To demonstrate, here’s another Greeter prototype.

function Greeter(name) {
    this.name = name;
}
Greeter.prototype.greet = function() {
    return "Hello, my name is " + this.name;
};

var kelsey = new Greeter('Kelsey');
kelsey.greet();
// => "Hello, my name is Kelsey"

ResurrectJS can serialize kelsey for storage, including behavior. I’m creating new Resurrect objects each time just to show that this definitely works across different instances. Nothing up my sleeves! There’s no reason to avoid reusing Resurrect objects because the only state they maintain between method calls is their configuration.

var string = null;
string = new Resurrect().stringify(kelsey);
// => '[{"#":"Greeter","name":"Kelsey"}]'

kelsey;
// => {"name":"Kelsey","#id":null}

Notice that the serialization format is a bit unusual: it’s wrapped in an array. It’s still a valid JSON encoding. Also notice that kelsey gained a new property, #id, assigned to null, but this property was not encoded. I’ll explain all this below.

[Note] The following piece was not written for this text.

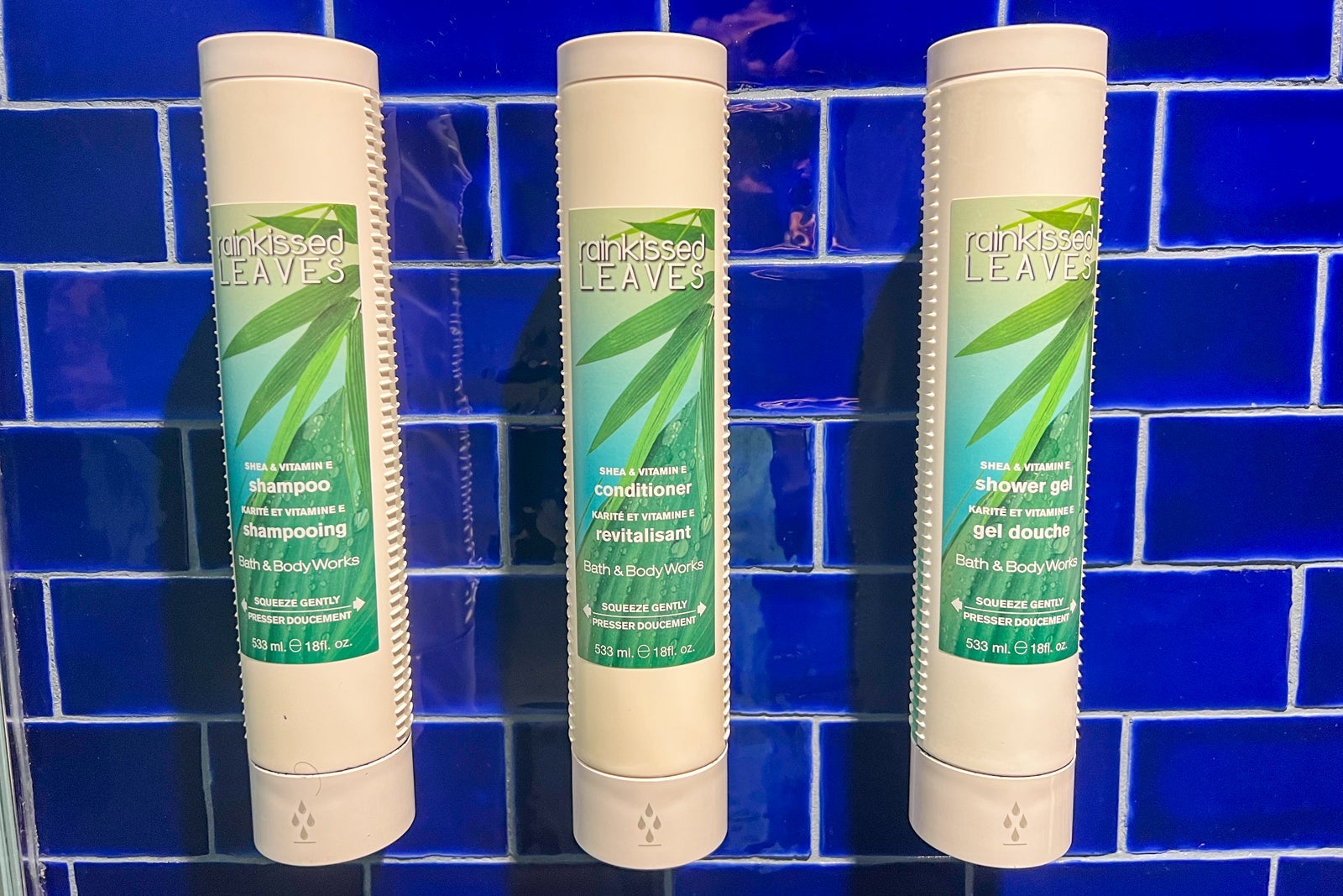• The shower amenities were a bit hard to use. The full-size bottles, which were attached to the wall, were the type that you squeeze to pump out product. I had to fight with the bottles a little bit in order to get the contents.

Here’s object resurrection.

var zombie = null;
zombie = new Resurrect().resurrect(string);
// => {"#":"Greeter","name":"Kelsey"}

zombie.greet();
// => "Hello, my name is Kelsey"

zombie === kelsey;  // A whole new object
// => false

The resurrected object has a # property. As explained before this is used to link the object back into the prototype chain so that its behavior is restored.

What’s special now, which I didn’t need in my game, is that identity, including circularity, is properly maintained! For example,

var necromancer = new Resurrect();
necromancer.stringify([kelsey, kelsey]);
// => '[[{"#":1},{"#":1}],{"#":"Greeter","name":"Kelsey"}]'

var array = necromancer.resurrect(string);
array[0] === array[1];
// => true

The encoding should begin to reveal itself now. There’s only one Greeter object serialized and two {'#': 1} objects — references into the top-level array.

Identity and Equality Review

Just to make sure everyone’s on the same page I’m going to go over the difference between identity and equality. Identity is referential: testing for it is effectively comparing memory pointers. Equality is structural: testing for it walks the structures recursively.

In JavaScript the === operator tests equality for primitive values (numbers, strings) and identity for objects.

2 === 2;
// true, these values are equal

({foo: 2} === {foo: 2});
// false, these are equal but different object instances

JavaScript has no operator for testing object equality and writing a function to do the job is surprisingly complicated. Underscore.js has such a function and it’s about 100 lines of code.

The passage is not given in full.